### What is required
Each line in the records below, from the one that contains "- 72 Playing" to the one that contains "(서울=포커스뉴스) 31일 오전", should be reproduced exactly, the first and last included.

### Records for the task
*** Block opens ***

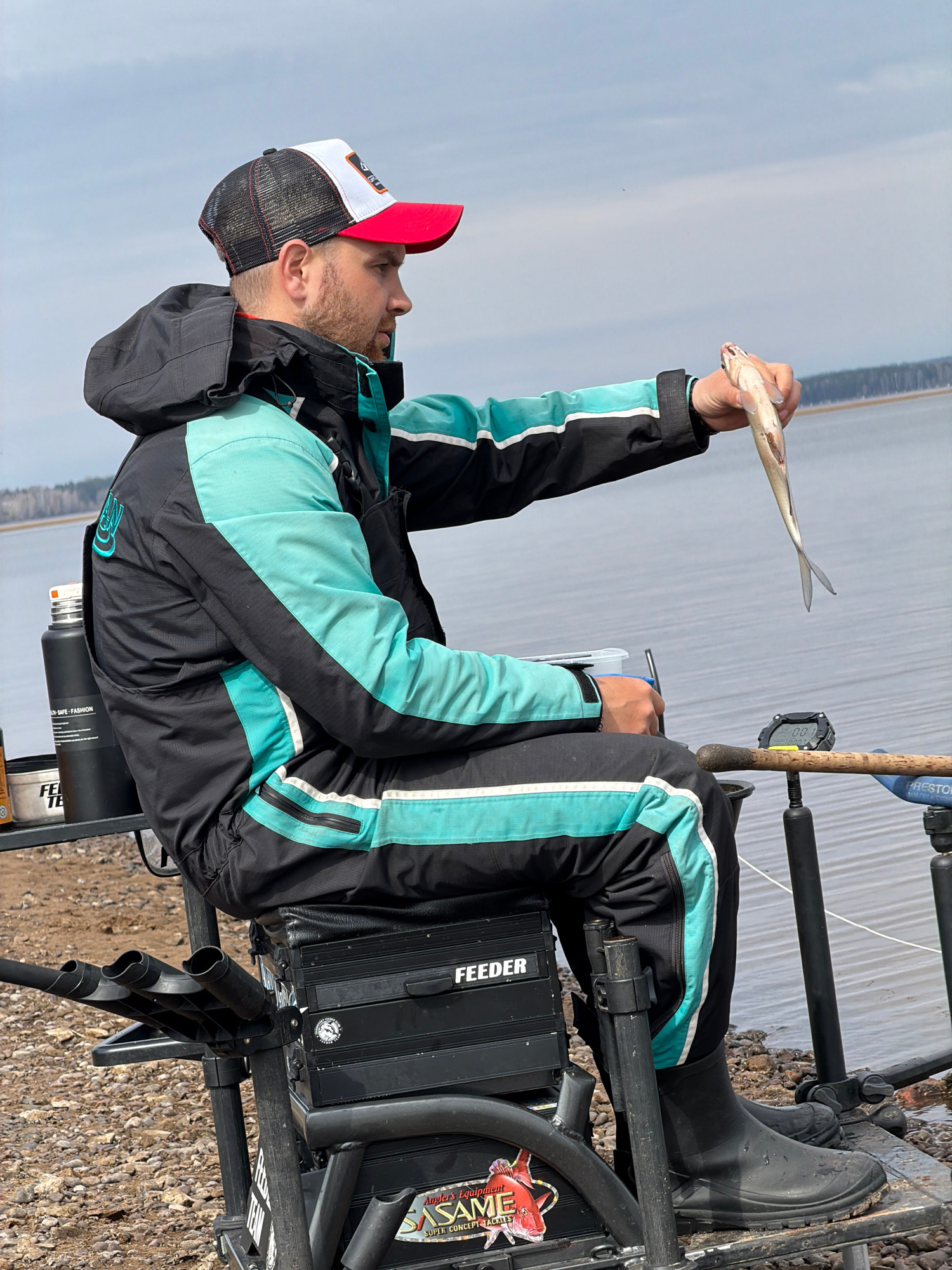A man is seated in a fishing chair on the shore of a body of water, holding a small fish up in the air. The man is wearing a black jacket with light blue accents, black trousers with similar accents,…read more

*** Block closes ***
*** Block opens ***

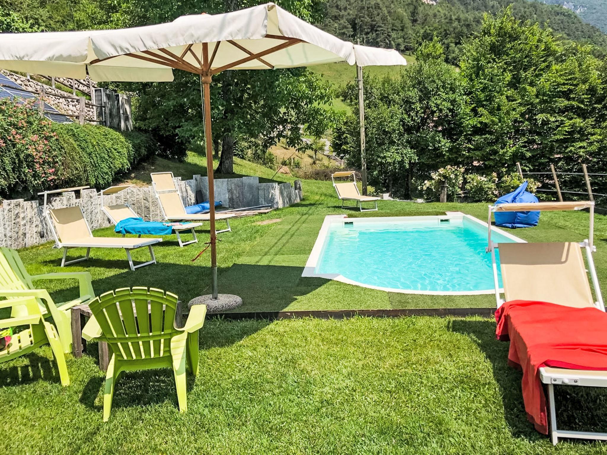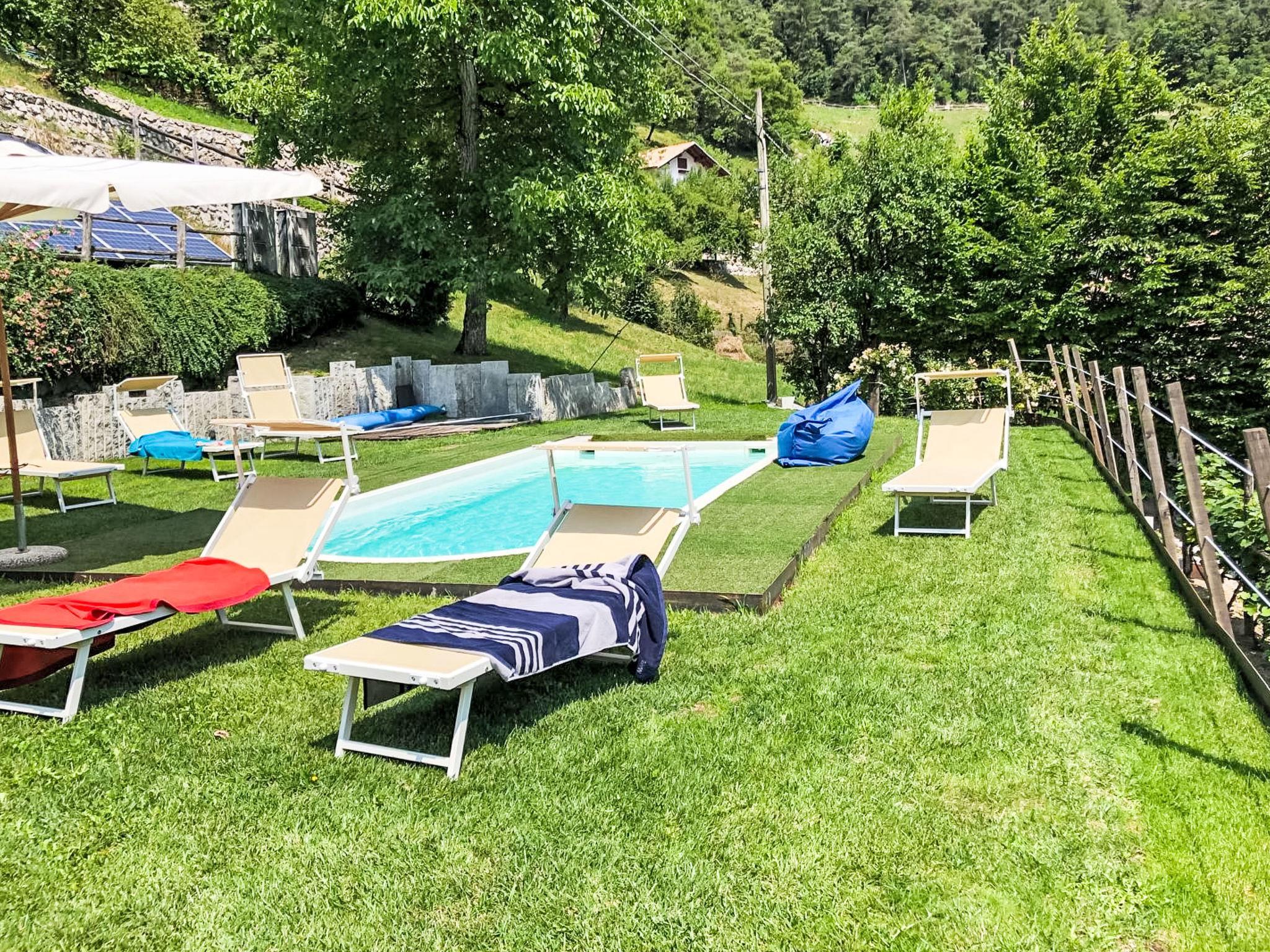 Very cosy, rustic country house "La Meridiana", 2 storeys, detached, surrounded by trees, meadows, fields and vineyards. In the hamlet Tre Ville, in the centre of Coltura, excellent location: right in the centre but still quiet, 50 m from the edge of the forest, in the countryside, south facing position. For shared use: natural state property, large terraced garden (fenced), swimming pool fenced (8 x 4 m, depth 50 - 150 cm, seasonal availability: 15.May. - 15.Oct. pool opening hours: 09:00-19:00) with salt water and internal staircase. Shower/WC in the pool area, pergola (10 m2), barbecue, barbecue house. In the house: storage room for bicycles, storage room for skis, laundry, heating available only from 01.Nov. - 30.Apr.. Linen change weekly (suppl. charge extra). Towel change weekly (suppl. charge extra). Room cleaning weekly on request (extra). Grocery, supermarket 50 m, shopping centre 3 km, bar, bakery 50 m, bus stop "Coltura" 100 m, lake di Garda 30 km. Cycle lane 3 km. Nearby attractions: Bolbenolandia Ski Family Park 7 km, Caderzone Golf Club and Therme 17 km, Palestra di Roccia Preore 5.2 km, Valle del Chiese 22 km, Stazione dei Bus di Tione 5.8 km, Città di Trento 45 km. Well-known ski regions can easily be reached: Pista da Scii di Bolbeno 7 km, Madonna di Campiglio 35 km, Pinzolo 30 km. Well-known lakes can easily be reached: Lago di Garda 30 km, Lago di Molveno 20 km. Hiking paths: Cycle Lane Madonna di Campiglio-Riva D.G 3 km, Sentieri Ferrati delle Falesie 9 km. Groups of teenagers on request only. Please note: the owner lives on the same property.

*** Block closes ***
*** Block opens ***

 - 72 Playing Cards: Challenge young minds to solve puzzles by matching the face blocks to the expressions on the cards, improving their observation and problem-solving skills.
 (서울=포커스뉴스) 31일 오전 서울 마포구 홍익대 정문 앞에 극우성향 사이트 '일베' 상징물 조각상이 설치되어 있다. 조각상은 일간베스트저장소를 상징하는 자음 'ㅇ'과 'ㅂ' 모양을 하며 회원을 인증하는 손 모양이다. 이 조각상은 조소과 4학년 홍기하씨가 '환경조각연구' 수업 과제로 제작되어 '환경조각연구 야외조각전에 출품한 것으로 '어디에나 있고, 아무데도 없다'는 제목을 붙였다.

*** Block closes ***

### Answer to this problem
 - 72 Playing Cards: Challenge young minds to solve puzzles by matching the face blocks to the expressions on the cards, improving their observation and problem-solving skills.
 (서울=포커스뉴스) 31일 오전 서울 마포구 홍익대 정문 앞에 극우성향 사이트 '일베' 상징물 조각상이 설치되어 있다. 조각상은 일간베스트저장소를 상징하는 자음 'ㅇ'과 'ㅂ' 모양을 하며 회원을 인증하는 손 모양이다. 이 조각상은 조소과 4학년 홍기하씨가 '환경조각연구' 수업 과제로 제작되어 '환경조각연구 야외조각전에 출품한 것으로 '어디에나 있고, 아무데도 없다'는 제목을 붙였다.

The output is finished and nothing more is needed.